Significant policy shifts on market-based actions to address climate change could come from US states if former president Donald Trump is re-elected.
A Trump administration is expected to be much less friendly to environmental markets, with the Republican nominee pledging on the campaign trail to repeal major tax incentives and other policies that support emissions-reduction efforts. That could open the door to more action by Democratic-led states, according to speakers Monday at the Environmental Markets Association (EMA) annual meeting in Scottsdale, Arizona.
"When Republicans win the White House, you tend to see the blue and purple states lean more aggressively into getting in the driver's seat on climate action," said Eric Scheriff, Capstone senior managing director of sustainability practice.
Scheriff highlighted eight states that increased their renewable portfolio standard (RPS) targets during the first Trump administration and said there is further potential for programs to expand and set more ambitious mandates in response to a second Trump presidency. A Republican-led White House would likely catalyze further development of New York's proposed cap-and-trade program, while spurring a more aggressive Low Carbon Fuel Standard program in California.
Expectations are that vice president Kamala Harris, the Democratic nominee, would continue President Joe Biden's climate policies. But a Harris administration has the potential to create a more durable voluntary carbon market, according to Janet Peace, head of policy for Anew Climate.
"You could have the enshrinement on a government principle of what is high quality carbon," Peace said.
Action by the US Congress could give the Commodity Futures Trading Commission the authority needed to create a more transparent voluntary carbon market, Peace said.
But the voluntary market could have the opportunity to expand under either administration, she said.
Meanwhile, the fate of the Inflation Reduction Act (IRA) remains a point of contention under a Trump administration.
Trump has pledged to repeal many of the energy tax credits in the IRA, while Harris has promised to create "America forward tax credits" that focus on growth for certain industries.
While money from the IRA has flowed to Republican states, this is unlikely to stem appetites to go after the provisions in a Trump administration, according to Kevin Poloncarz, partner and co-chair of the environmental and energy practice group at the law firm Covington & Burling.
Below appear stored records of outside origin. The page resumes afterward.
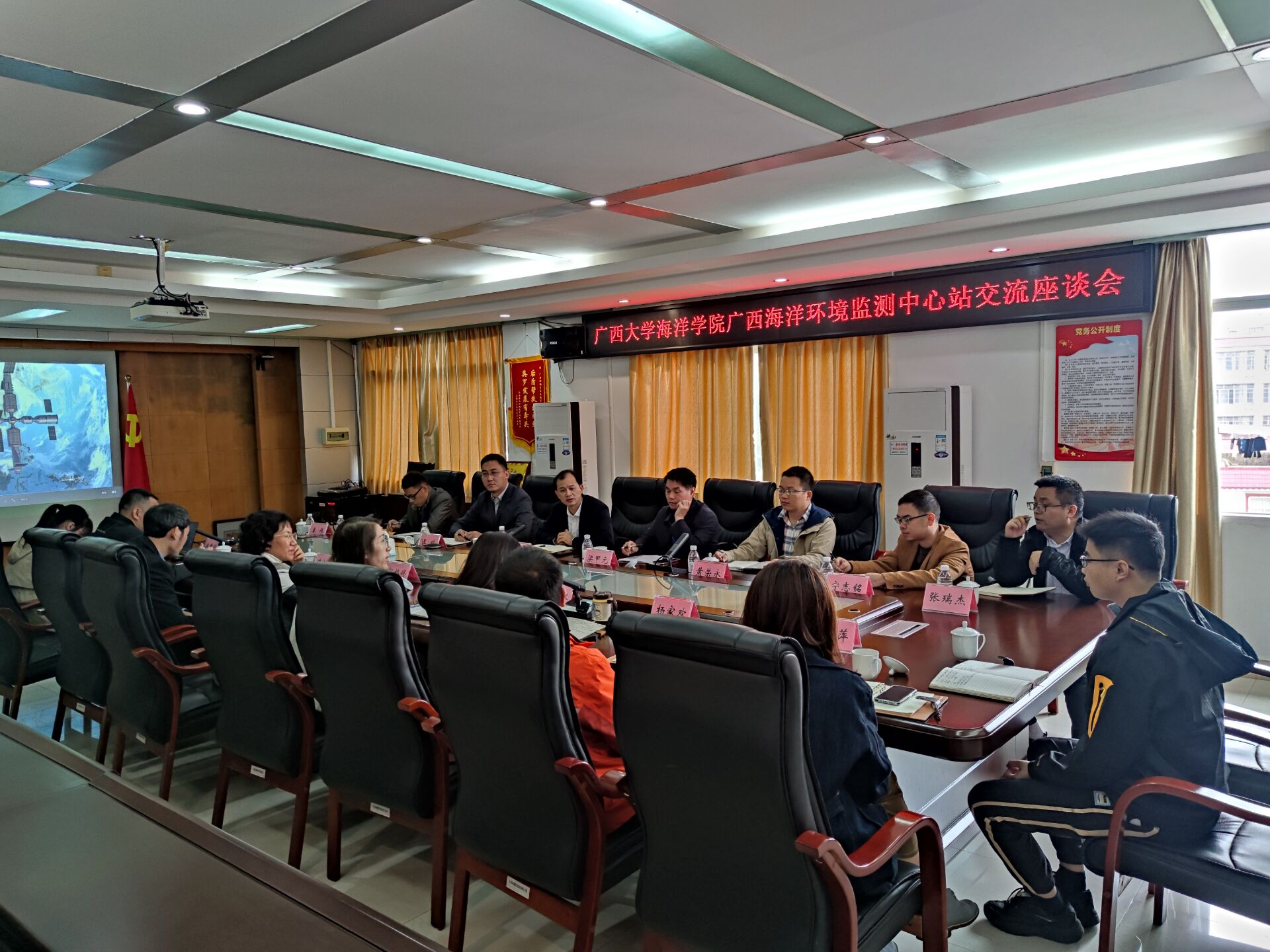 2023年12月5日上午,bv伟德国际1946海洋公司党委书记秦华东率队到广西海洋环境监测中心站(以下简称“中心站”)进行考察交流,并同中心站郭梅修站长、蓝文陆副站长和各科室负责人开展座谈。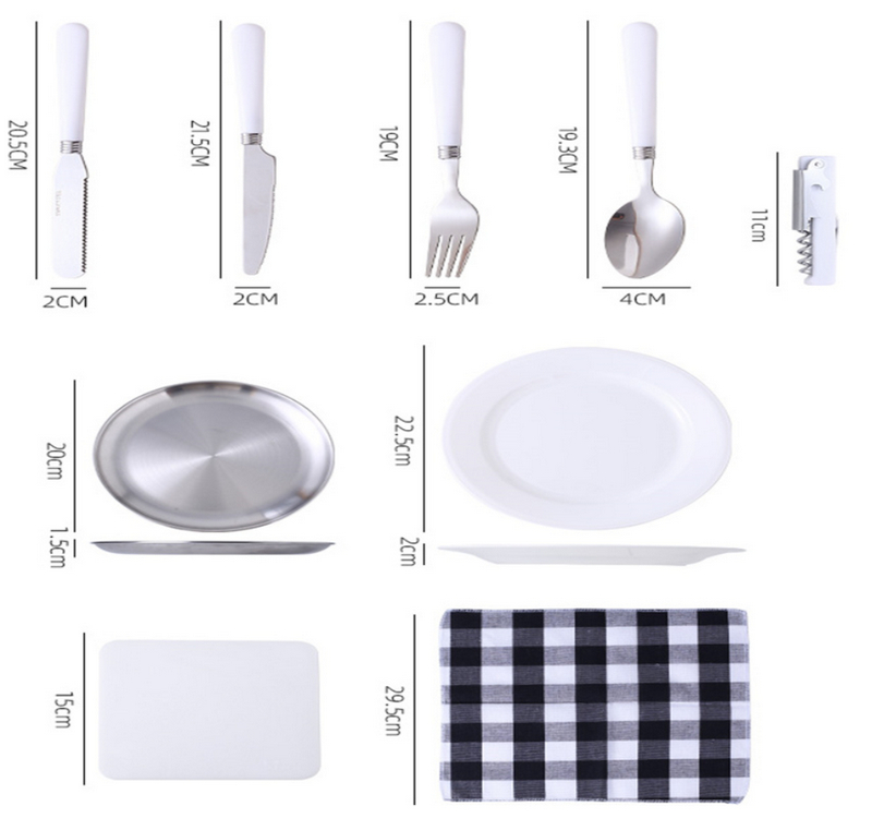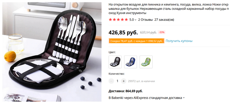 Легкий и компактный набор для пикника-кемпинга в удобной упаковке. Стоит 1300 рублей (если найти вариант с бесплатной доставкой, то он будет стоить где-то 1450), есть три варианта расцветки. Набор для двоих: двойной комплект ложек, вилок, ножей, нож-пилка, открывалка-пробочник, две тарелки, две тканевых салфетки. Утверждается, что сделано из нержавеющей стали.
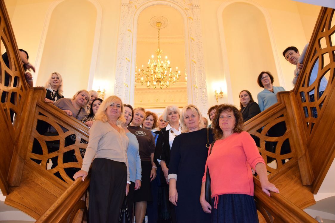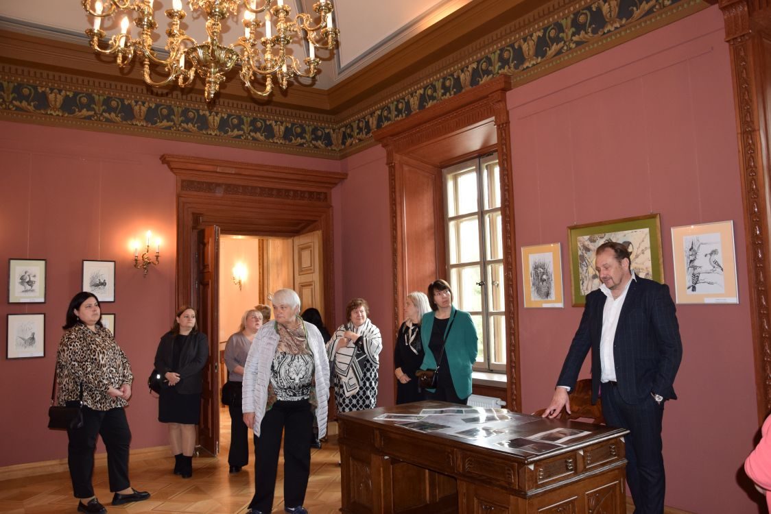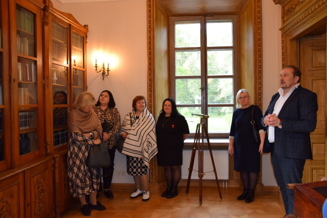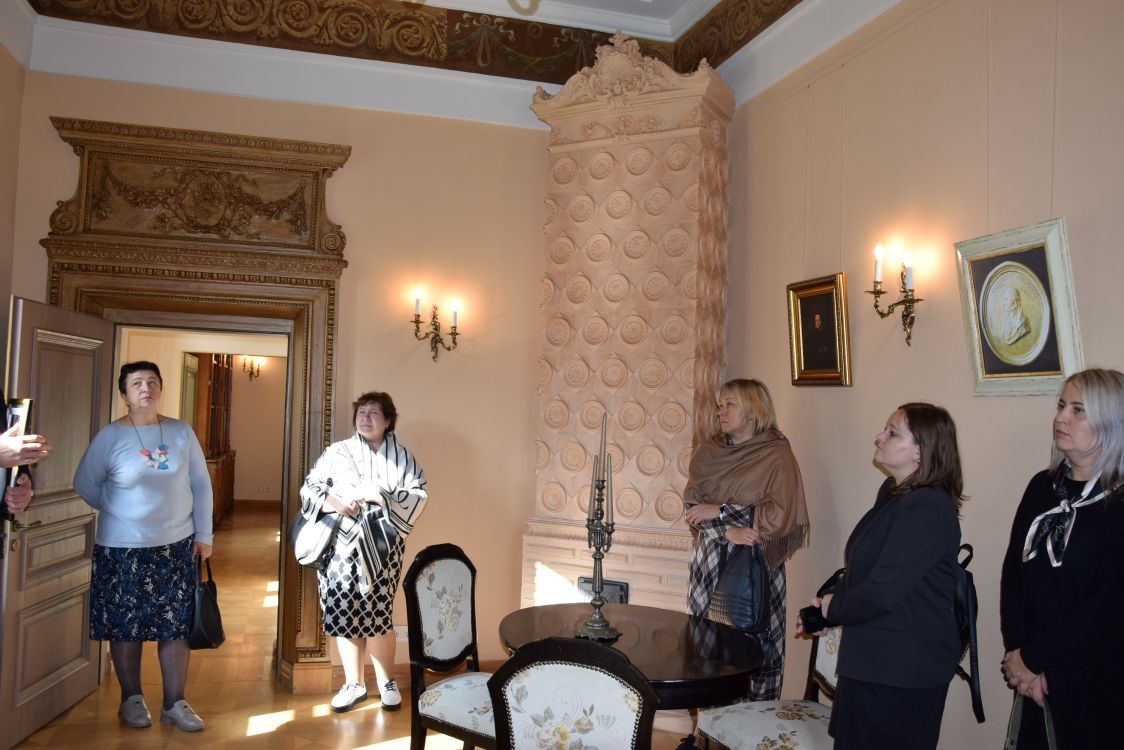 Po uroczystym i pysznym obiedzie nauczyciele wyruszyli do Pałacu Balińskich w Jaszunach. Tam czekała na nas niezwykle interesująca wycieczka z przewodnikiem, który z zaangażowaniem i pasją opowiadał o historii pałacu oraz jego współczesnej działalności jako muzeum.

"There's lots of ways it could be nibbled around the edges," Poloncarz said.
This could come in the form of how the US Treasury and Internal Revenue Service go about implementing provisions of the IRA since the final rules for some have not yet been issued, such as what qualifies for the 45V clean hydrogen tax credit.
A rush by the Biden administration to finalize the rules before the election would not necessarily remove any uncertainty, Poloncarz said. Congress under a Trump administration could pass a Congressional Review Act resolution, scuttling the rules and effectively prohibiting the agencies from adopting similar rules without the express permission of lawmakers.